# Material provided
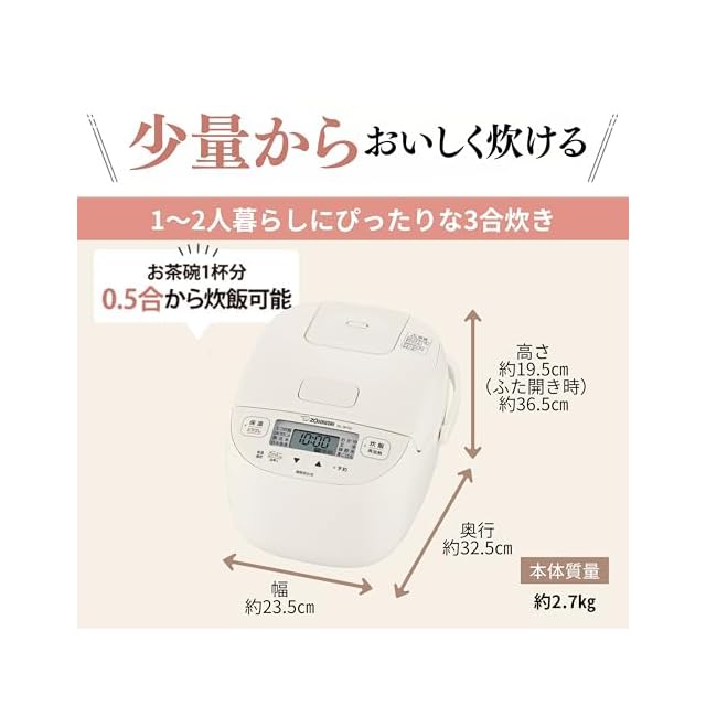 象印マホービン 炊飯器 3合 一人暮らし 小容量 極め炊き マイコンタイプ 保温24時間 ソフトホワイト NL-BF05AM-WZ
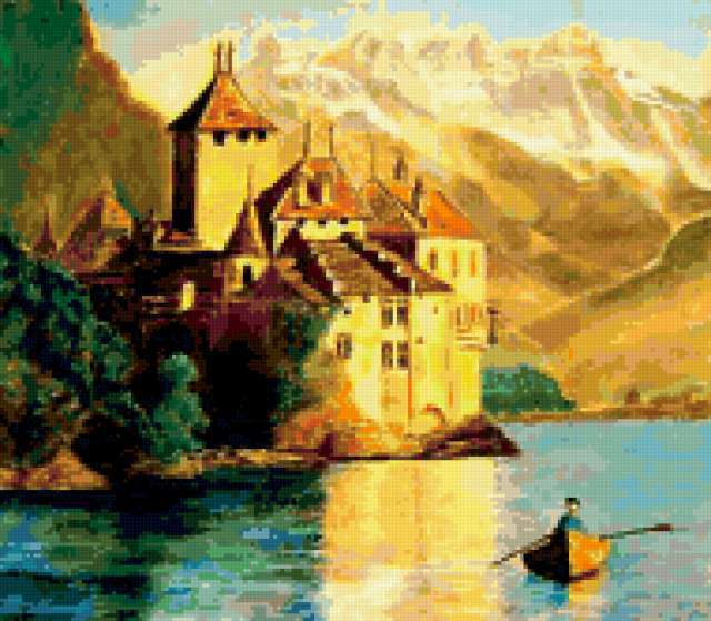 Ориентировочно так, схема вышивки «Variant 2», созданная автором Lamisa, будет выглядеть при отшиве на канве. Размер данной вышивки равен 190x166 крестов, при этом используется 75 цветов. Ключевые слова, по которым можно найти эту схему: пейзаж, море, замки, горы. Также, вы можете взглянуть на оригинальную картинку, соответствующую данной схеме вышивки.
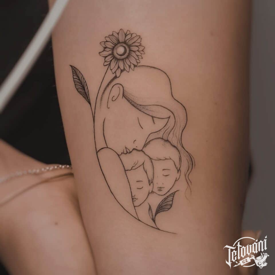 Tetování květina, žena s dětmi na předloktí

# What is required
Beginning at the line with "Ориентировочно так, схема" and ending at the last line of the listing above, retype each line exactly, including those two lines. Leave the pictures out.

# Result of this task
 Ориентировочно так, схема вышивки «Variant 2», созданная автором Lamisa, будет выглядеть при отшиве на канве. Размер данной вышивки равен 190x166 крестов, при этом используется 75 цветов. Ключевые слова, по которым можно найти эту схему: пейзаж, море, замки, горы. Также, вы можете взглянуть на оригинальную картинку, соответствующую данной схеме вышивки.
 Tetování květina, žena s dětmi na předloktí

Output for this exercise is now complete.